Attention Deficit Hyperactivity Disorder (AD/HD) is a neurodevelopmental disorder mainly characterized by impairments in cognitive functions. Functional neuroimaging studies carried out in individuals with AD/HD have shown abnormal functioning of the anterior cingulate cortex (ACC) during tasks involving selective attention. In other respects, there is mounting evidence that neurofeedback training (NFT) can significantly improve cognitive functioning in AD/HD children. In this context, the present functional magnetic resonance imaging ( fMRI) study was conducted to measure the effect of NFT on the neural substrates of selective attention in children with AD/HD. Twenty AD/HD children—not taking any psychostimulant and without co-morbidity-participated to the study. Fifteen children were randomly assigned to the Experimental (EXP) group (NFT), whereas the other five children were assigned to the Control (CON) group (no NFT). Subjects from both groups were scanned 1 week before the beginning of the NFT (Time 1) and 1 week after the end of this training (Time 2), while they performed a Counting Stroop task. At Time 1, for both groups, the Counting Stroop task was associated with significant loci of activation in the left superior parietal lobule. No activation was noted in the ACC. At Time 2, for both groups, the Counting Stroop task was still associated with significant activation of the left superior parietal lobule.
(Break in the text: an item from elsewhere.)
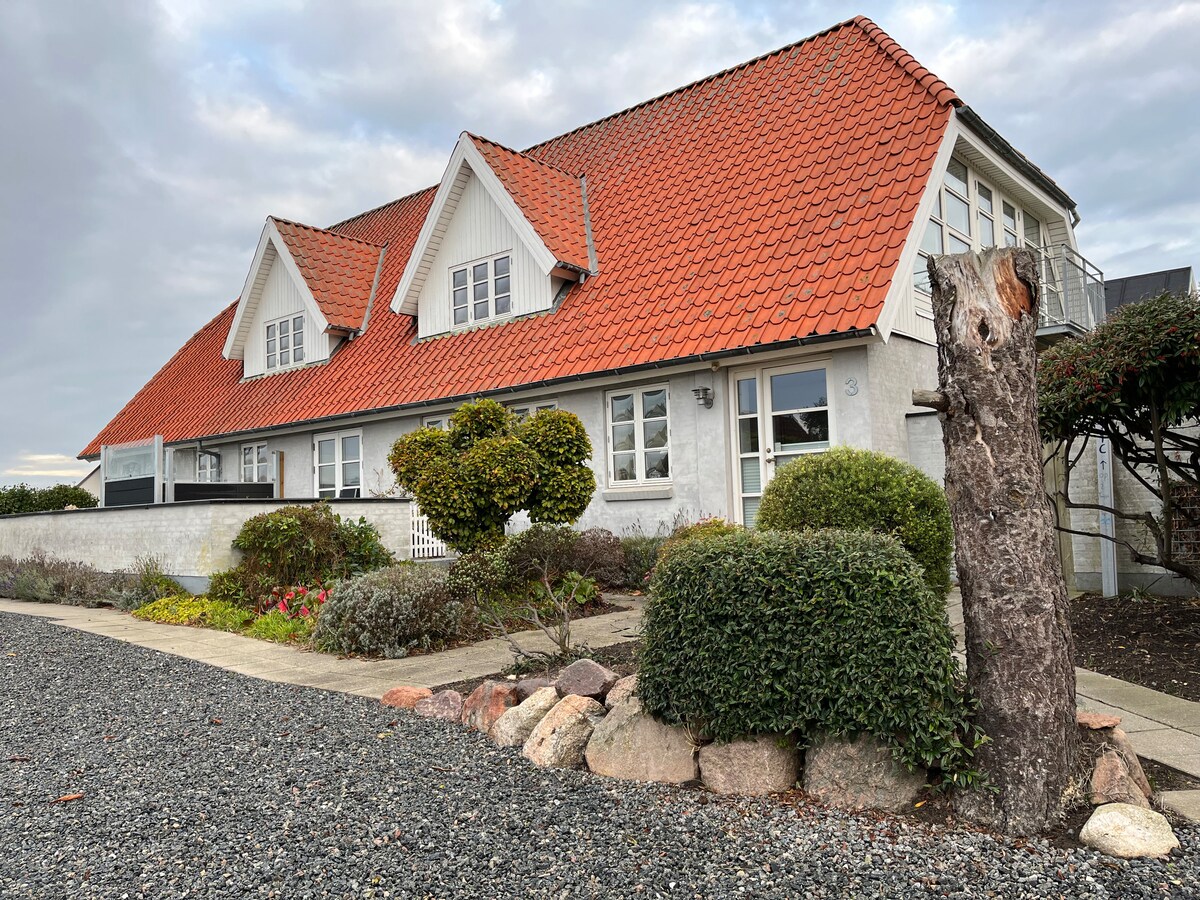 古いデンマークの農場にある新しく改装された3ベッドルームのアパートで、家族みんなで過ごせるお部屋です。 起きたら、なだらかな畑の景色が広がります。ハイキング、サイクリング、観光、ビーチでの休暇に最適な拠点です。 家の半分を借りることになります。防音ドアが2つの半分を分けています。 キッチン、バスルーム、東向きの庭園を備えた完全に独立したアパートです。

This time, however, for the EXP group only there was a significant activation of the right ACC. These results suggest that in AD/HD children, NFT has the capacity to normalize the functioning of the ACC, the key neural substrate of selective attention.

Neuroscience Letters
Volume 394, Issue 3 , 20 February 2006 , Pages 216-221


The effects of alpha/theta neurofeedback on personality and mood

Joshua Raymond, Carolyn Varney, Lesley A. Parkinson and John H. Gruzelier


Alpha/theta neurofeedback has been shown to be successful both in treating addictions and in enhancing artistry in music students. How its effects are mediated are not yet clear. The present study aimed to test the hypothesis that alpha/theta neurofeedback works inter alia by normalising extreme personality and raising feelings of well being. 12 participants with high scores for Withdrawal (as measured by the PSQ) were given either alpha/theta neurofeedback or mock feedback and their personality and mood were assessed. Withdrawal scores on the PSQ-80 were not found to change in either group but significant effects were found for the Profile Of Mood States (POMS), with real feedback producing higher overall scores than mock feedback (P = 0.056). Real feedback caused participants to feel significantly more energetic (P < 0.01) than did mock feedback. Sessions of real feedback made participants feel more composed (P < 0.01), agreeable (P < 0.01), elevated (P < 0.01) and confident (P < 0.05), whilst sessions of mock feedback made participants feel more tired (P < 0.05), yet composed (P < 0.01). These findings suggest that, whilst 9 sessions of alpha/theta neurofeedback was insufficient to change personality, improvements in mood may provide a partial explanation for the efficacy of alpha/theta neurofeedback.